In the fast-paced world of AEC (Architecture, Engineering, and Construction), accurate reality capture is transforming how we design, build, and manage projects. XGRIDS SLAM (Simultaneous Localization and Mapping) based scanners are at the forefront of this revolution, offering rapid and precise 3D data acquisition. But how do we leverage this rich data in our everyday BIM (Building Information Modeling) and civil design workflows?

This blog post will guide you through the process of bringing an XGRIDS SLAM-based scan into Autodesk Revit for building modeling and then seamlessly transferring it to Autodesk Civil 3D for site and infrastructure coordination.

 

Understanding XGRIDS SLAM and its Output

 

XGRIDS scanners, like their Lixel series, utilize SLAM technology to create real-time, colored point clouds. What makes them particularly exciting is their integration of 3D Gaussian Splatting (3DGS) via their Lixel CyberColor (LCC) technology, which aims to provide photorealistic 3D representations alongside geometric precision.

While XGRIDS offers plugins for direct integration with Revit (like LCC for Revit, which leverages AI for automated BIM element generation), the core output for interoperability with other Autodesk software will typically be point cloud files in industry-standard formats.
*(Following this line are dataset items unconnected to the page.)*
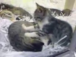 Este gato se dedica a masajear a sus compañeros de la tienda de animales, parece un profesional jaja.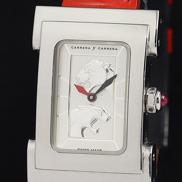 1円 保 稼働 良品 カレラ・イ・カレラ スクエア 302010 QZ シルバー文字盤 レディース腕時計 0023100 9ERT SMZ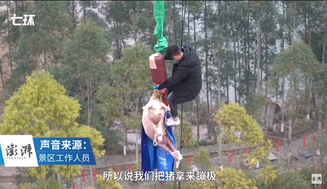 El cruel hecho se presentó al suroeste de China, en el parque de diversiones The Meixin Red Wine Town. Según explicaron sus directores, lanzar a un cerdo desde su nueva atracción de bungee jumping haría parte de la promoción de la misma.

The primary export formats from XGRIDS LixelStudio software for CAD/BIM workflows are generally:

  • Autodesk ReCap Project files (.RCP/.RCS): These are the native point cloud formats for Autodesk software and are highly recommended for seamless integration.
  • LAS (.las) or LAZ (.laz): Open-standard point cloud formats that can be easily imported into Autodesk ReCap for conversion to .RCP.
  • E57 (.e57): Another common, vendor-neutral point cloud format.
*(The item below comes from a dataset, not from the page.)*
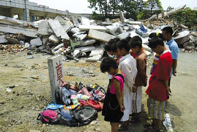 “5·12 ”地震發(fā)生后,四川德陽(yáng)什邡市一名從廢墟中爬出來(lái)的13歲小孩,曾英勇救出3名同學(xué)和一名懷孕教師。昨天,該少年來(lái)到學(xué)校倒塌的校舍里刨出10余個(gè)書(shū)包,將它們整整齊齊地?cái)[放在廢墟旁邊一塊寫有“奠”字的碑前,然后與其他同學(xué)一道默哀3分鐘,以此方式來(lái)陪伴遇難的同學(xué)一起過(guò)兒童節(jié)。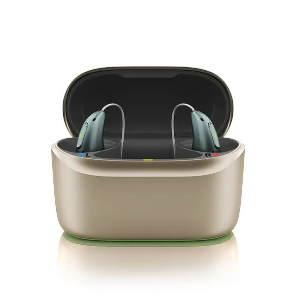 Phonak Audeo Infinio Sphere combines AI-powered noise reduction with Bluetooth 5.3 and rechargeable batteries for superior speech clarity in challenging environments.

For this workflow, we’ll assume your XGRIDS scan data has been processed in LixelStudio and is ready for export, ideally as an .RCP file for the smoothest transition. If you have .las or .e57, you’ll first need to import them into Autodesk ReCap Pro and save them as an .RCP file.

 

Step 1: From XGRIDS to Autodesk Revit (BIM Modeling)

 

Revit thrives on creating intelligent, parametric building models. A point cloud provides the accurate “as-built” context upon which to base your design or renovation.
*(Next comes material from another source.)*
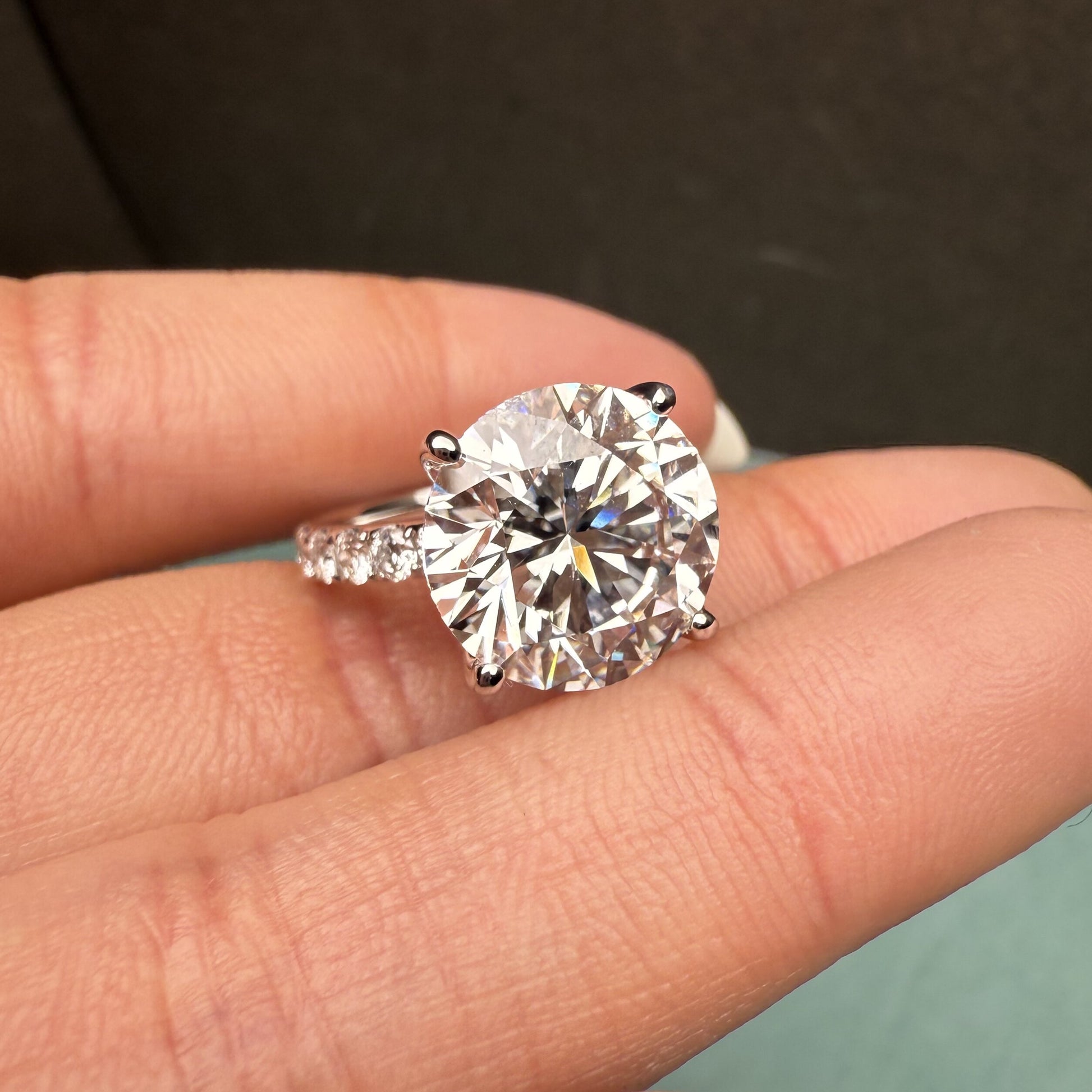 Pirmiana Jewelry Customized 14k White Gold 4ct Round shape Lab Grown Diamond Engagement Wedding Band Rings for Women

1. Prepare Your Point Cloud in Autodesk ReCap (if necessary):

If your XGRIDS data is not already in .RCP format, launch Autodesk ReCap Pro:

  • Import: Select “New Project” and import your .las, .laz, or .e57 files.
  • Process: ReCap will process and index the point cloud data, converting it into an .RCP (ReCap Project) file, which references multiple .RCS (ReCap Scan) files.
  • Clean and Crop (Optional but Recommended): In ReCap, you can clean up noise, remove unwanted objects (like people or vehicles that might have been present during the scan), and crop the point cloud to focus only on the relevant building or area. This significantly improves performance in Revit.
  • Save: Save your ReCap project.

2. Link the Point Cloud into Revit:

  • Open your Revit project: Start a new project or open an existing one.
  • Go to the “Insert” Tab: In the Revit ribbon, navigate to the “Insert” tab.
  • Click “Point Cloud”: Select the “Point Cloud” button in the “Link” panel.
  • Select your .RCP file: Browse to the location of your processed .RCP file and select it.
  • Choose Positioning: This is crucial for accurate alignment:
    • Auto – Origin to Origin: If your XGRIDS scan was already tied to a specific project origin or a known coordinate system within its processing, this might be a good starting point.
    • Auto – By Shared Coordinates: This is the most robust method for coordinating multiple models and point clouds. If your Revit project has a defined Shared Coordinate System (e.g., acquired from a civil drawing), and your point cloud was georeferenced to the same system in XGRIDS/ReCap, this will align them perfectly.
    • Manual positioning: For simpler projects or if coordinate systems aren’t established, you can place it manually and then move/rotate it into position.
  • Click “Open”: The point cloud will be linked into your Revit project.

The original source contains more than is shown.